*** Opening DATA IN THIS EXERCISE ***

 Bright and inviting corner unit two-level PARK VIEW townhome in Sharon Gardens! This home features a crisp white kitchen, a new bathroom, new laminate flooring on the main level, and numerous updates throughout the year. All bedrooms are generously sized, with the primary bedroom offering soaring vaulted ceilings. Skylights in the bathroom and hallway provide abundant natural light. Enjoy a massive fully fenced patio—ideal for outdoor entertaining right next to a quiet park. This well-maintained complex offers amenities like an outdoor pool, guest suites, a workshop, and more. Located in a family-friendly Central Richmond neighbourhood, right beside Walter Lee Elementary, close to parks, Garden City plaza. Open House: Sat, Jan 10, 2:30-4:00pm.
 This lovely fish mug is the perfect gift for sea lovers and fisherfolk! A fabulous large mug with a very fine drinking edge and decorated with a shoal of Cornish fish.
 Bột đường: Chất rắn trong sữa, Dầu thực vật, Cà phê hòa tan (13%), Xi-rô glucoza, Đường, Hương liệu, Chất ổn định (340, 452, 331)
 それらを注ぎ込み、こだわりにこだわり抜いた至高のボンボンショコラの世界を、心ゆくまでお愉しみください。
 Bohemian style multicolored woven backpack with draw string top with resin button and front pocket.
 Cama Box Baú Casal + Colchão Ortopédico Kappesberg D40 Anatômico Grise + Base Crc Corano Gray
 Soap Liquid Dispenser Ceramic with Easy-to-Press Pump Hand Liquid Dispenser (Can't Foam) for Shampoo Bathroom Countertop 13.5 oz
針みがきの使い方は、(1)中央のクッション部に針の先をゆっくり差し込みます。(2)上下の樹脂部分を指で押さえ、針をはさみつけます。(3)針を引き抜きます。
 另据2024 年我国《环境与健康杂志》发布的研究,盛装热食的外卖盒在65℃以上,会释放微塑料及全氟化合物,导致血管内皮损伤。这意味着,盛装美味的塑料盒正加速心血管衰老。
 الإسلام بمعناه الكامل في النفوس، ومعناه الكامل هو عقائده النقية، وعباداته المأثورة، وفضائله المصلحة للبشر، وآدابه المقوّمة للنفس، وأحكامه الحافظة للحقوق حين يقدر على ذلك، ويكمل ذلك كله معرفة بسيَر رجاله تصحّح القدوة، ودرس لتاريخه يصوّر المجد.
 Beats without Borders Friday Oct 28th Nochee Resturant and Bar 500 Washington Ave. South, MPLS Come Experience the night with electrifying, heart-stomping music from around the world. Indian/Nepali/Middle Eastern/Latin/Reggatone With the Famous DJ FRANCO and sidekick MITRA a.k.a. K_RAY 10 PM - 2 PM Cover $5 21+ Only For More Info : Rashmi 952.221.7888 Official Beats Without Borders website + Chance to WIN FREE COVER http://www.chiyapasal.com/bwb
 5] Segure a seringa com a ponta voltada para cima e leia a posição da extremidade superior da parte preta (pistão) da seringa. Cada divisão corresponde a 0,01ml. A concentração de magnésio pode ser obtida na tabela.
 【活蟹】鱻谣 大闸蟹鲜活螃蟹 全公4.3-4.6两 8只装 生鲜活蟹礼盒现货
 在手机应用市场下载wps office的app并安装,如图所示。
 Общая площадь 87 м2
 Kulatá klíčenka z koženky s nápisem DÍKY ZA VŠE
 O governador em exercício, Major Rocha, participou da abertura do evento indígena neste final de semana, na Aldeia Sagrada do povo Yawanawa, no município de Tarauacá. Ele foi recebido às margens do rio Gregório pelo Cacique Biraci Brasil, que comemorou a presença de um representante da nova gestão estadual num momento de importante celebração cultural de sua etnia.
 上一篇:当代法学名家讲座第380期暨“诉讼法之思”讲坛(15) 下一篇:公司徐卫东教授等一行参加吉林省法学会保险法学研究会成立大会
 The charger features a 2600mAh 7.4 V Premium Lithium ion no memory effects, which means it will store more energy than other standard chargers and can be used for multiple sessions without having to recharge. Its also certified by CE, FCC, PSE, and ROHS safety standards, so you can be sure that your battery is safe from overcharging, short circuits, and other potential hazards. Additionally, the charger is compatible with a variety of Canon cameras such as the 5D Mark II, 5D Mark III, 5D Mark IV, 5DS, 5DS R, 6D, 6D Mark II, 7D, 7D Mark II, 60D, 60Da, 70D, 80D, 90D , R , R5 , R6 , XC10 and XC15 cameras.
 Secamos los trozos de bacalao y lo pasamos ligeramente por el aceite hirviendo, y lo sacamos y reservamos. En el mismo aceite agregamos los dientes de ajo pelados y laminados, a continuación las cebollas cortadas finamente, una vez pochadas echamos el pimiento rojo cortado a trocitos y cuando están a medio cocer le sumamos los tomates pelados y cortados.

*** Closing DATA IN THIS EXERCISE ***

— TASK DIRECTIONS —
Please give back exactly the lines of this listing beginning at the line with "それらを注ぎ込み、こだわりに" and ending with the line with "Cama Box Baú", both included, and nothing else.

— REPLY —
 それらを注ぎ込み、こだわりにこだわり抜いた至高のボンボンショコラの世界を、心ゆくまでお愉しみください。
 Bohemian style multicolored woven backpack with draw string top with resin button and front pocket.
 Cama Box Baú Casal + Colchão Ortopédico Kappesberg D40 Anatômico Grise + Base Crc Corano Gray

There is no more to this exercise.